Here’s the best explanation I can think of. It’s obviously nice for philosophers if they can believe that they have an edge over non-philosophers just like the edge that scientists have over non-scientists. This means that that belief dies very hard, even for philosophers who know enough, intellectually, to see that it isn’t true.

Anyway, I can at least hope that these sorts of comments from Pigliucci will become more and more of an anomaly as time goes by.

Leave a comment


  1. Chris, really? You think that a generic call for more knowledge of philosophy of science qualifies as a direct insult to Coyne, or anyone else? And yes, there is disagreement within the philosophy community on *some* issues, but not the very basic ones I was referring to in that post. And do you think there is no disagreement on important issues within the scientific community? Take string theory, for instance.


  2. Chris Hallquist

    >You think that a generic call for more knowledge of philosophy of science qualifies as a direct insult to Coyne, or anyone else?

    I never said that. I said the quoted paragraph “sounds a bit abrasive,” but I tried to make clear that I thought the real issue was not about “tone.”

    >And yes, there is disagreement within the philosophy community on *some* issues, but not the very basic ones I was referring to in that post.

    What “basic issues” are you talking about? If you know of any issues in philosophy of science where there is no disagreement amongst philosophers, I would sincerely like to hear about it–though I doubt such an example really exists.

    After 5 1/2 years of studying philosophy, I struggle to think of a single philosophical issue on which there is no disagreement amongst philosophers. Probably “logical fatalism is false.” I can think of a couple other arguable cases besides that, but nothing in philosophy of science relevant to your beef with your fellow atheists.

    I should warn you in advance that I’d want to see fairly clear evidence of any claimed consensus. I’ve seen too bogus examples. Are you aware, for example, that you have been called ignorant on the grounds that you think Mackie’s “Evil and Omnipotence” paper made a strong case against theism, contra the supposed “consensus”?

  3. Chris,

    In regards to things philosophers basically all agree upon, what about the falsity of substance dualism?

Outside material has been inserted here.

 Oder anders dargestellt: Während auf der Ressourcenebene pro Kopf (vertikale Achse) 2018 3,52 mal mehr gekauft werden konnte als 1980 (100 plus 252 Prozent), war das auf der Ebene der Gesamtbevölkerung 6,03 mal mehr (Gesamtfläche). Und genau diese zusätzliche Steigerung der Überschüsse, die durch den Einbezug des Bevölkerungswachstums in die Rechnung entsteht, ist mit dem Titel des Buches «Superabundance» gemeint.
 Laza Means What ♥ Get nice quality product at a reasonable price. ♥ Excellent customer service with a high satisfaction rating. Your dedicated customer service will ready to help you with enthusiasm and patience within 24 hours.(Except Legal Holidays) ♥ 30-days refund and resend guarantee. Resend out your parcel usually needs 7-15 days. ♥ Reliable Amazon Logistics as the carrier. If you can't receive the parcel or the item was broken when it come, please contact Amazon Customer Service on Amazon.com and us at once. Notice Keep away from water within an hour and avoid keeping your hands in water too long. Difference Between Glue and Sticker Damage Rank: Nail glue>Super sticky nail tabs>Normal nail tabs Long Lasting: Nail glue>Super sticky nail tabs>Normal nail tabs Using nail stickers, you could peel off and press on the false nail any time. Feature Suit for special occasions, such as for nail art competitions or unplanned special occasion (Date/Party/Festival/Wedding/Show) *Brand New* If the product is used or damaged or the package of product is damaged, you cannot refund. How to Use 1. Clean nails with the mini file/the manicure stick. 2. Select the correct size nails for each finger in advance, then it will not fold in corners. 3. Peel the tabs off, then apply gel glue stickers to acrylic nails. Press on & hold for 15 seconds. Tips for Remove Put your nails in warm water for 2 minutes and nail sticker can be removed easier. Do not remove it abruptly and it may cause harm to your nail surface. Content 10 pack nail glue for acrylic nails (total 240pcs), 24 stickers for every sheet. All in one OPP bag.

    I was talking with a philosopher of mind recently, Mark Moyer, and he said that he didn’t even know anyone who thought dualism was true. Dan Dennett told me the same thing.

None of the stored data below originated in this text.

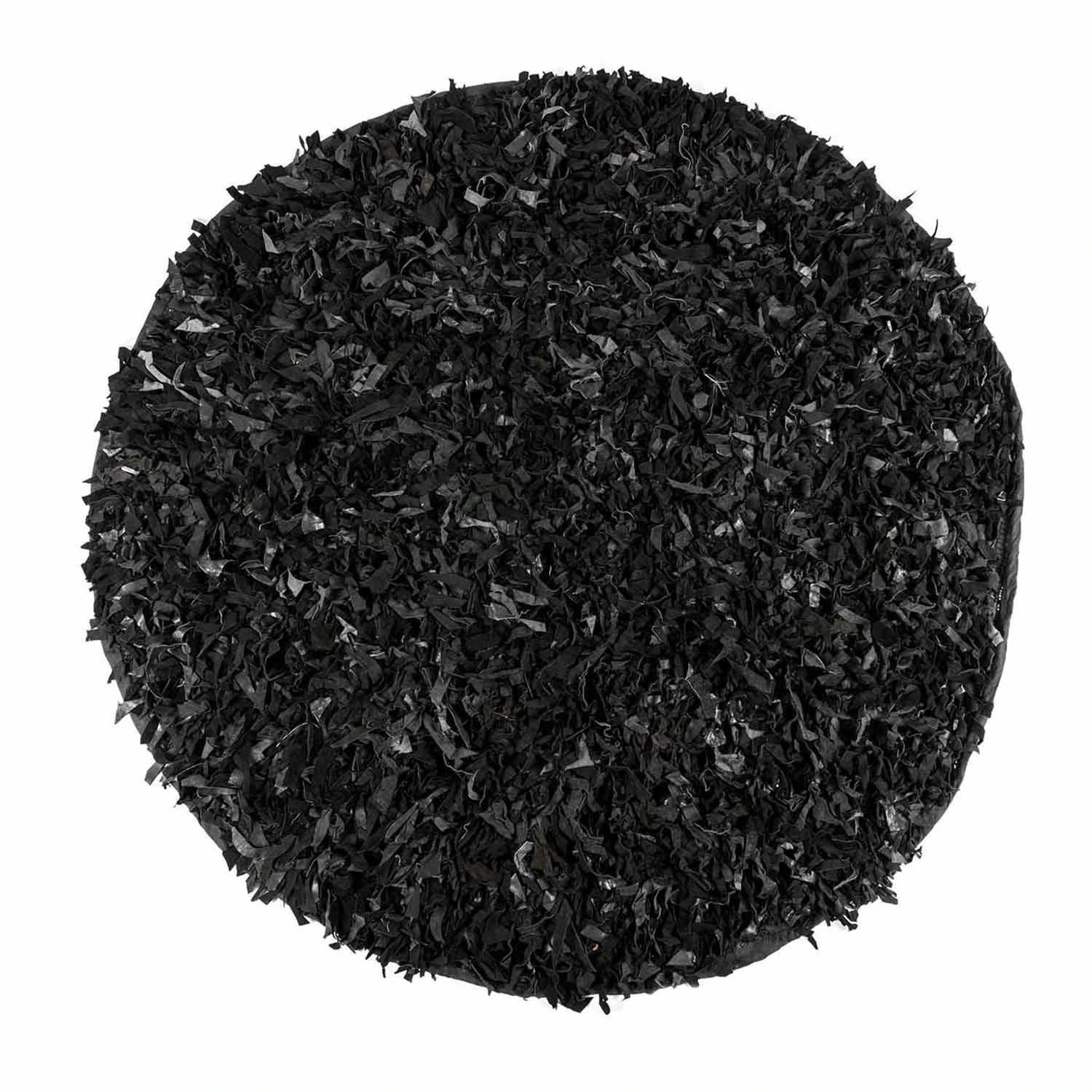 Dallas Leather Shaggy Rug Black, 150 Cm Round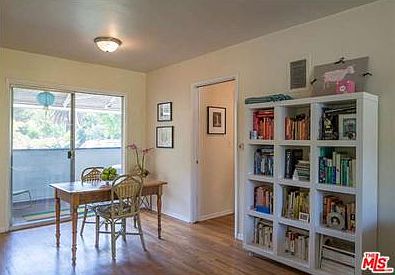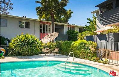 Mint condition Mid-Century pied-~~-terre in the Hollywood Hills. This quiet top floor one bedroom one bathroom unit offers a spacious living and dining room with beautiful hardwood floors throughout and direct access to a private balcony and treetop views. A cozy tiled kitchen with wood cabinetry, vintage stove and newer flooring. The large one bedroom provides loads of closet space and an Art Deco bathroom with glass tiled tub/shower. Enjoy the tropical resort-style grounds with large heated pool surrounded by trees, gardens and greenery creating your own oasis in the city. Gated, covered parking and additional storage. Close to the heart of Hollywood. This is a must see!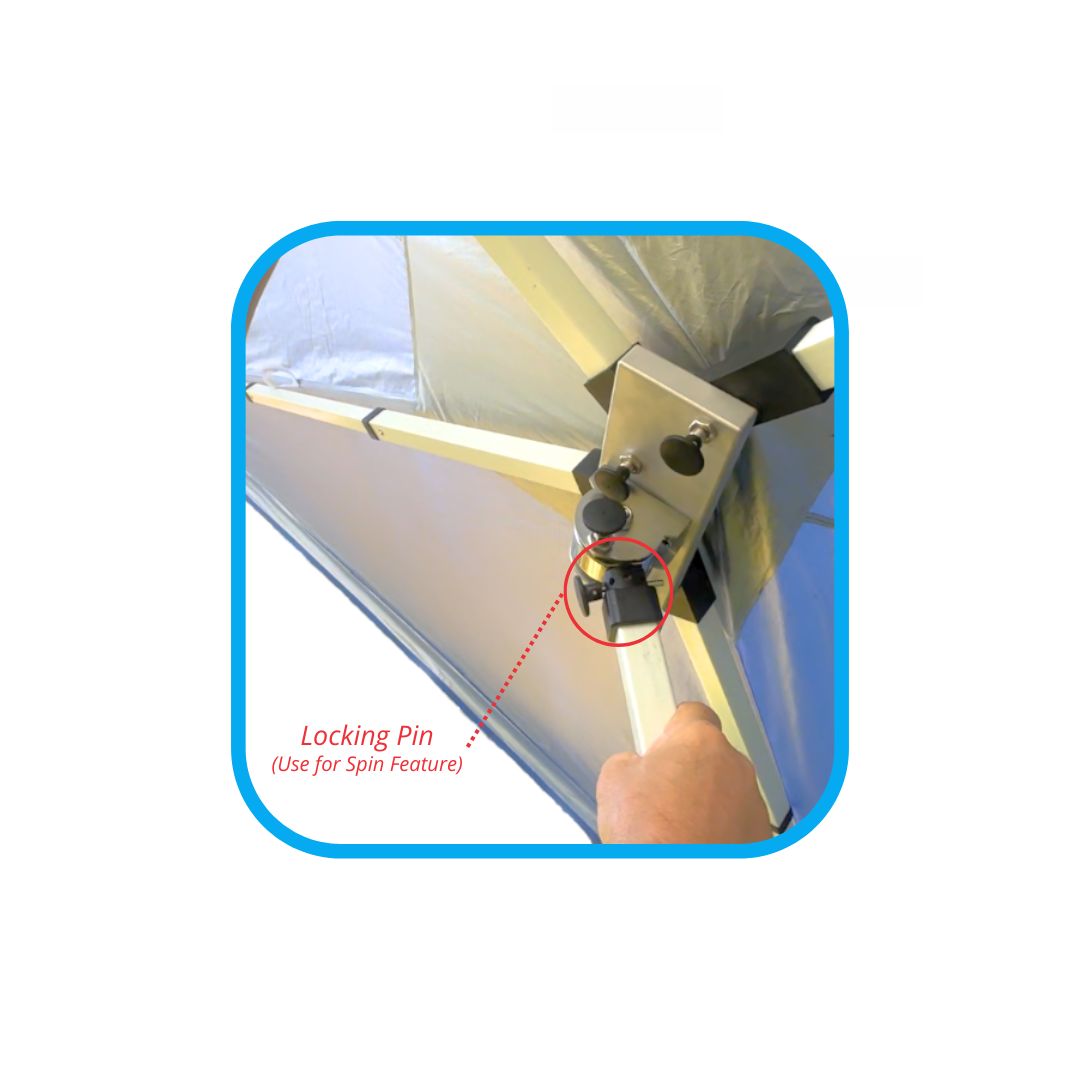 To use the 360° spin mechanism, pull the locking pin located at the top center of the mast (circled in red on the image pictured to your left), unlocking the canopy. Once you have found your desired position, re-insert the locking pin back into the mast.

    Also, what about solipsism? –I don’t know much about it, but it seems like it wouldn’t be an idea that is very popular.

  4. Chris Hallquist

    “Solipsism” was one of the things I had in mind as an “arguable case.” PhilPapers survey, though, says about 5% of philosophers align with skepticism about the external world.

    Substance dualism I hadn’t thought of. However, while substance dualists are pretty scarce, I’m surprised Moyer and Dennett couldn’t think of any examples. I think Swinburne is the best-known advocate of substance dualism. Plantinga has written in defense of it as well.

  5. Ah, I didn’t even think to look at that Phil Paper survey. Good call.

    Dennett and Moyer might have been able to think of a philosopher of religion (or some other area) who was an advocate of dualism, but in the context of the convos I had with them, I had asked if there were any philosophers of mind who were dualists.

  6. Careful there – there are dualists who aren’t substance dualists: Chalmers, Jaegwon Kim, etc.

    My first thought is that I wonder why Swinburne isn’t considered part of the mainstream philosophy of mind discussion. Is there any reason substance dualists should be scarcer among philosophers of mind than they are around, say, neuroscientists?

    But on reflection, I’m really not sure why any educated person believes in “souls” anymore. Some sophisticated Christians–yes, even sophisticated Evangelicals!–seem to get by without them. I suspect the ones who’ve thought about it end up watering down their conception of the “soul” quite a bit, but I’m not really sure.